Salary levels in Premier League football are around 90 per cent responsible for finishing position, according to Stefan Szymanski, the co-author of ‘Soccernomics’, and a professor of Economics and the Director of Sports at the Cass Business School in London.

Today’s game is a clash of £1.4bn in combined expenditure in billionaire’s cash to date, according to sportingintelligence calculations.

For Chelsea, we reckon Roman Abramovich has spent £773.9m and counting so far at Chelsea since 2003, give or take a few tens of millions. This figure comes from £140m for equity and debt in summer 2003, plus picking up the tab for successive annual losses since then of £87.8m (in 2003-04), £140m, £80m, £74.8m, £66m, £44.4m, £70.9m (in 2009-10) and a projected conservative loss of £50m in 2010-11.

At City, we reckon that Sheikh Mansour has so far spent £648.8m and counting since September 2008, made up of initial equity and debt payments of £304.9m, annual losses of £92.6m in 2008-09 and £121.3m in 2009-10, and a projected loss for 2010-11 of around £130m.

If these figures make the head swim, then the net result should be simple: spending that much cash really should put you in contention for the title.

As Prof Szymanski explains to sportingintelligence: ‘It’s reasonable to be able to predict performance in football by wages because, in simple terms, there is a market in players and the best players will end up with the clubs who can pay them the most money.’

Transfer spending is another related indicator of potential success – but not quite as good for several reasons.
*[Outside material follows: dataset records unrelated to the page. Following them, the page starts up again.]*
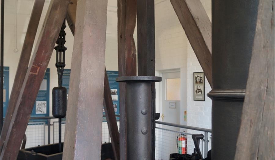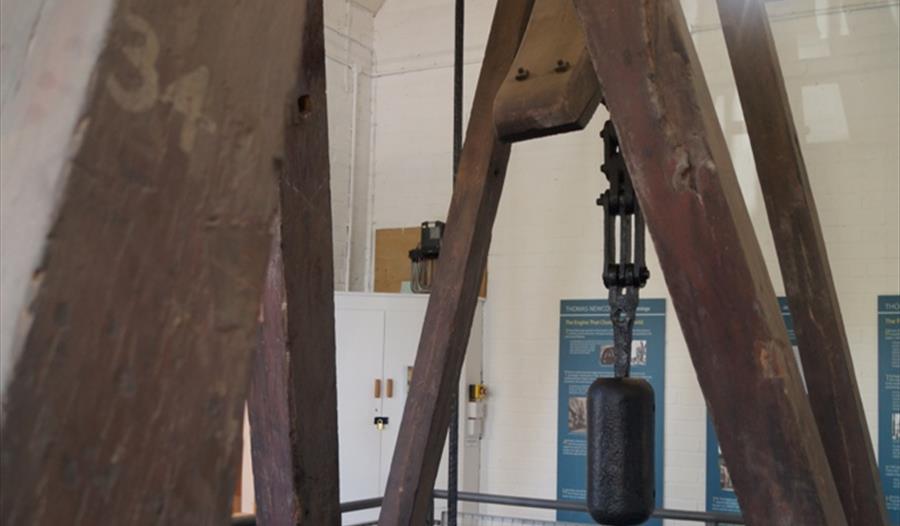 The Dartmouth engine shows most of the features of the earliest Newcomen engines. It has a simple, untrussed, wooden beam with arch heads, chain connections and wooden spring beams all believed to be original. The valve mechanism is more recent, but is activated automatically by a plug-rod, as in the early engines. However, there is one significant later feature in the shape of a ‘pickle-pot’ condenser, fitted directly beneath the cylinder. The engine can be operated by a hydraulic mechanism, so that the visitor can observe the motion of the engine and the operation of the valves.
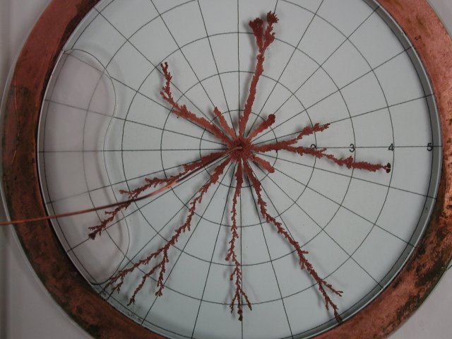 The copper ions drift towards the cathode and upon reaching the cluster are reduced and stick. At the beginning of this process, the atoms conglomerate in a bumpy fashion. The electric field is stronger on the bumps and thus the copper ions are more strongly attracted to them. As the bumps grow, the electric field at the tips grows. It is this interplay between the microscopic Cu atoms moving randomly about and the macroscopic electric field that causes the many patterns we see.
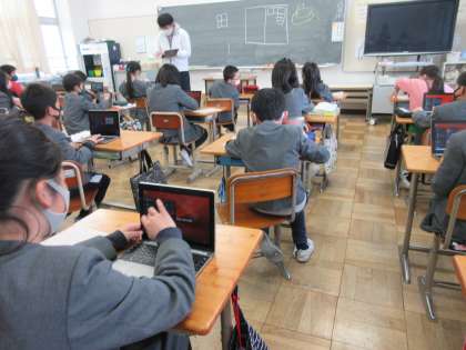 3年生、4年生の様子です。3年生はタブレットの活用をしていました。

Fees are often more arbitrary, or not paid at all in the case of ‘Bosman’ deals. Pressure to splash out on fees in time-limited windows also tends to distort matters in a way that long-term wage deals tend not to be distorted. There is a vibrant debate over whether wages or fees are definitive; the mundane truth is that an as-yet undefined combination of both would probably be best.

Symanski says: ‘We have evidence over a long period showing the relationship between wages and success, and transfer fees don’t track success quite so closely.’
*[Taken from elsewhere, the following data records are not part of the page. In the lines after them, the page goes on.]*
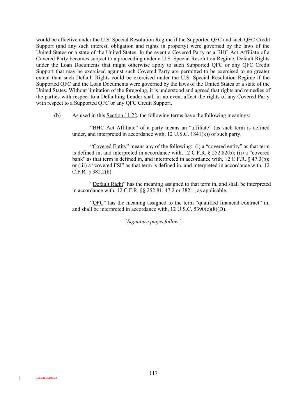 would be effective under the U.S. Special Resolution Regime if the Supported QFC and such QFC Credit Support (and any such interest, obligation and rights in property) were governed by the laws of the United States or a state of the United States. In the event a Covered Party or a BHC Act Affiliate of a Covered Party becomes subject to a proceeding under a U.S. Special Resolution Regime, Default Rights under the Loan Documents that might otherwise apply to such Supported QFC or any QFC Credit Support that may be exercised against such Covered Party are permitted to be exercised to no greater extent than such Default Rights could be exercised under the U.S. Special Resolution Regime if the Supported QFC and the Loan Documents were governed by the laws of the United States or a state of the United States. Without limitation of the foregoing, it is understood and agreed that rights and remedies of the parties with respect to a Defaulting Lender shall in no event affect the rights of any Covered Party with respect to a Supported QFC or any QFC Credit Support. (b) As used in this Section 11.22, the following terms have the following meanings: “BHC Act Affiliate” of a party means an “affiliate” (as such term is defined under, and interpreted in accordance with, 12 U.S.C. 1841(k)) of such party. “Covered Entity” means any of the following: (i) a “covered entity” as that term is defined in, and interpreted in accordance with, 12 C.F.R. § 252.82(b); (ii) a “covered bank” as that term is defined in, and interpreted in accordance with, 12 C.F.R. § 47.3(b); or (iii) a “covered FSI” as that term is defined in, and interpreted in accordance with, 12 C.F.R. § 382.2(b). “Default Right” has the meaning assigned to that term in, and shall be interpreted in accordance with, 12 C.F.R. §§ 252.81, 47.2 or 382.1, as applicable. “QFC” has the meaning assigned to the term “qualified financial contract” in, and shall be interpreted in accordance with, 12 U.S.C. 5390(c)(8)(D). [Signature pages follow.] 117 1006836498v2
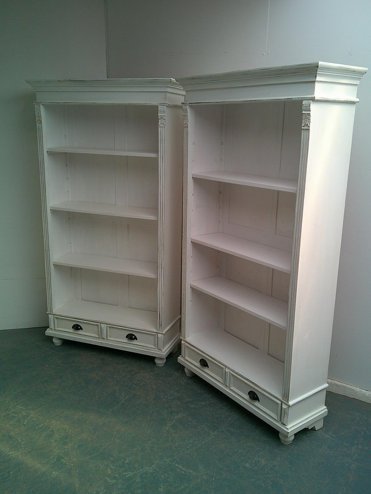 Great Pair of Painted White Antique Pine Adjustable Bookshelves to wax / paint
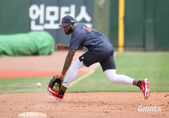 19일 부산 사직야구장, 이날 롯데 선수들은 후반기 개막을 이틀 남겨놓고 컨디션 끌어올리기에 집중하고 있었다. 투수와 내야 수비 호흡을 맞추는 훈련을 하며 팀을 탄탄하게 만들기 위해 노력하고 있었는데, 구드럼 역시 다양한 포지션에서 수비 훈련을 소화했다.

He added that the relationship between pay and success is best observed over long periods. One club consistently spending the most on wages over time will almost certainly becoming high achieving consistently, as Chelsea have done.
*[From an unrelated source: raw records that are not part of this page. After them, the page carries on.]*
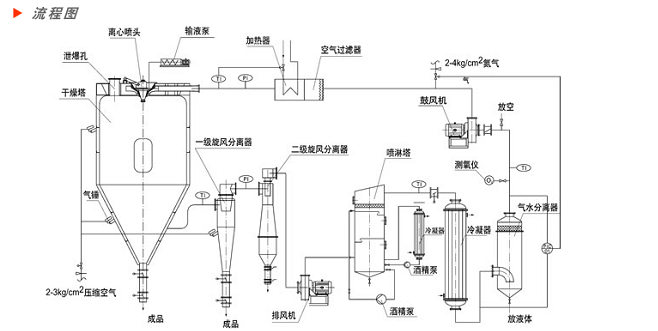 閉路循環(huán)離心噴霧干燥機系統是在密閉的環(huán)境下工作,干燥介質(zhì)為惰性氣體,一般為N2,適用于有機溶劑的物料干燥有毒氣的物料或干燥過(guò)程中易發(fā)生氧化的物料的干燥;該系統采用惰性氣體作為循環(huán)氣體,對干燥的物料具有保護作用,循環(huán)氣體經(jīng)歷載濕、去濕的過(guò)程,介質(zhì)可重復使用;氮氣經(jīng)加熱器加熱后進(jìn)入干燥塔,液體物料經(jīng)螺桿泵輸送至離心噴頭處,液體被高速循環(huán)的霧化器霧化成液滴,在干燥塔內完成熱質(zhì)交換過(guò)程,被干燥后的粉狀物料從塔底排出,被蒸發(fā)的有機溶劑氣體在風(fēng)機負壓的壓力下,把夾在氣體中的粉塵經(jīng)旋風(fēng)分離器、噴淋塔除塵后飽和的有機溶劑氣體經(jīng)冷凝器冷凝成液體排出冷凝器,不凝性氣體介質(zhì)連續加熱后作為干燥載體在系統內重新循環(huán)使用。而常規的普通的離心噴霧干燥是通過(guò)不斷的送、排風(fēng)達到排濕的目的,這也是防爆型閉式離心噴霧干燥設備與普通離心噴霧干燥設備的一個(gè)明顯區別;干燥系統內干燥介質(zhì)為N2,內部為正壓操作,保持一定的正壓值,如果內部壓力下降,由壓力變送器來(lái)自動(dòng)控制N2進(jìn)量,保證系統壓力平衡。
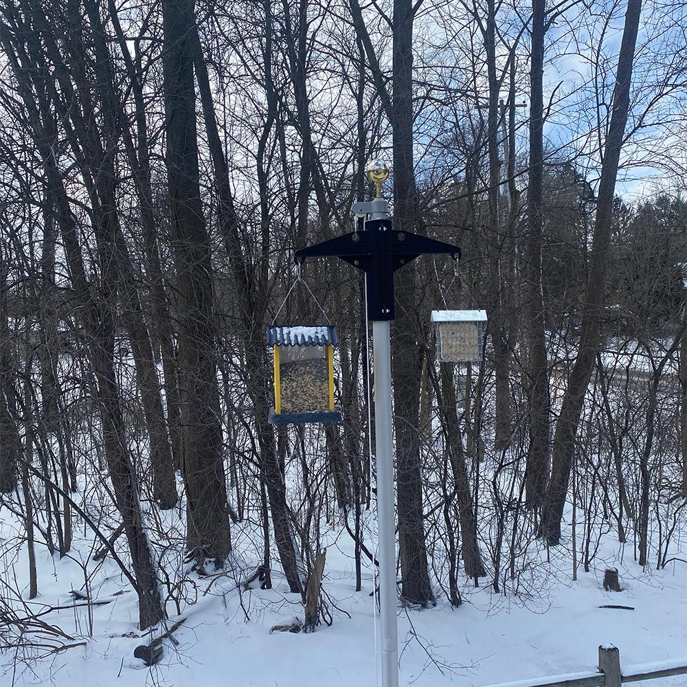 Our EZ FEED Bird Feeder Bracket paired with an all-in-one, self installable flag pole kit. This easy-to-install flag pole kit comes with everything you need to get your bird feed and flags off the ground.
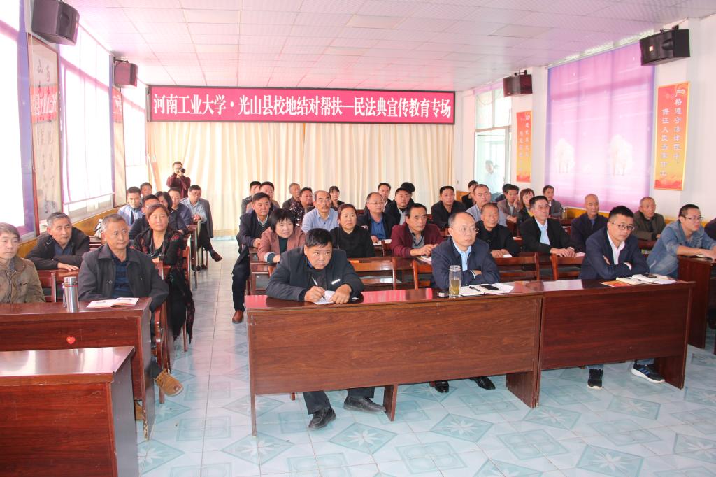 ·光山县校地结对帮扶——民法典宣传教育专场”主题报告,仙居乡党委副书记詹诚主持报告会,仙居乡各村“两委”干部、村民代表60余人参加了报告会。
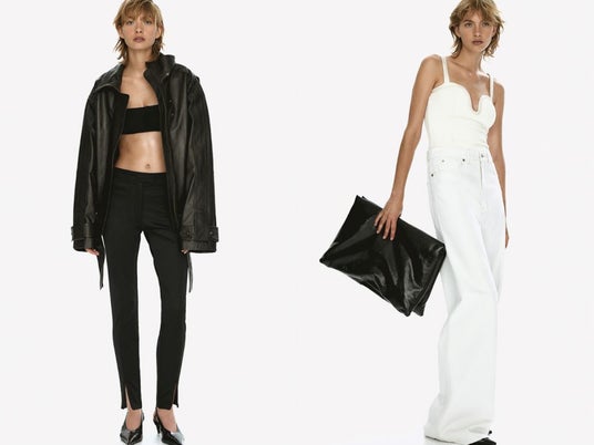 H&M Studio Mini Pre-fall Capsule (ミニ・プレフォール・カプセル): 左:ベルテッドレザージャケット¥34,999 テーラードレギンス¥7,999 キトンヒール レザースリングバックパンプス¥17,999 右: サテンディテールディーププランジトップス¥7,999 ワイドレッグデニム¥9,999 パッデッドレザークロスボディバッグ¥24,999 キトンヒール レザースリングバックパンプス¥17,999
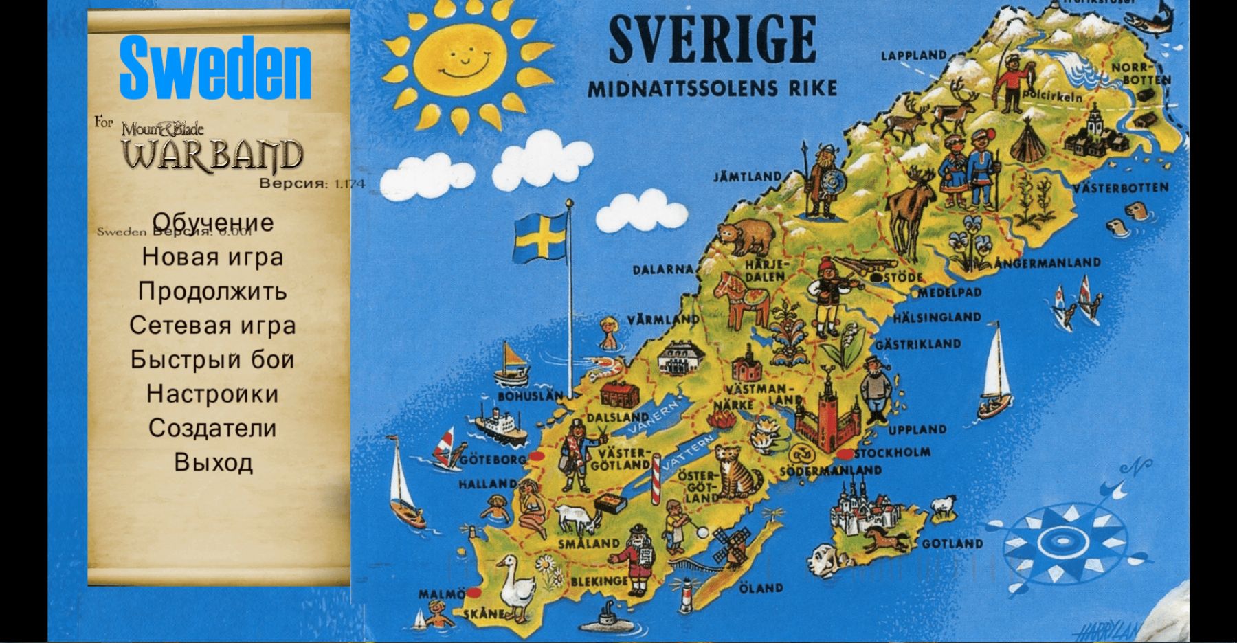 Эта небольшая но очень приятная модификация заменяет нордов на Швецию, во главе которой стоит король Карл Густав. Шведские рыцари облачены в новые доспехи, усилена пехота и арбалетчики. Добавлены новые шлемы, обувь, болты, копья, лошади, несколько новых флагов и заменены меню. Можно наняться наёмником к лорду, встроена дипломатия и РВОD, спутник следует за героем, есть автолут. Пираты переименованы в викингов. Подходит перевод от Warband.
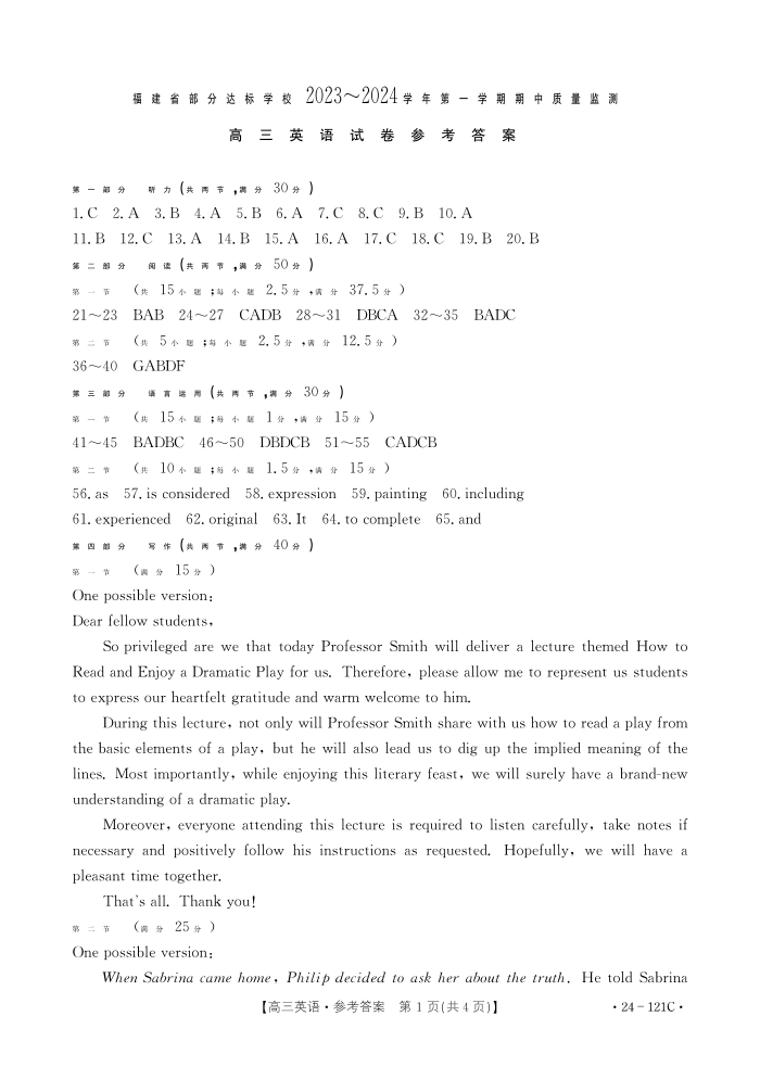福建省部分达标学校2023-2024学年高三上学期期中质量监测 英语答案

‘If City are the biggest spenders over the next decade, we’d expect them to win more titles than anyone else in that period,’ Symanski says. ‘We wouldn’t necessarily expect the impact in Year One [of investment, 2008-09] but already we’ve seen them move from mid-table to Champions League [aspirants], and now they’re in there, they can compete for the title . . . that’s what you expect when you spend money.’

Our second graphic today charts the total salary spending of the ‘Big Six’ – Chelsea, Manchester United, Arsenal, Liverpool, City and Tottenham – since 2004-05.

Chelsea in dark blue have consistently outspent their rivals on wages in that period – until now, perhaps. Note City’s light blue rise.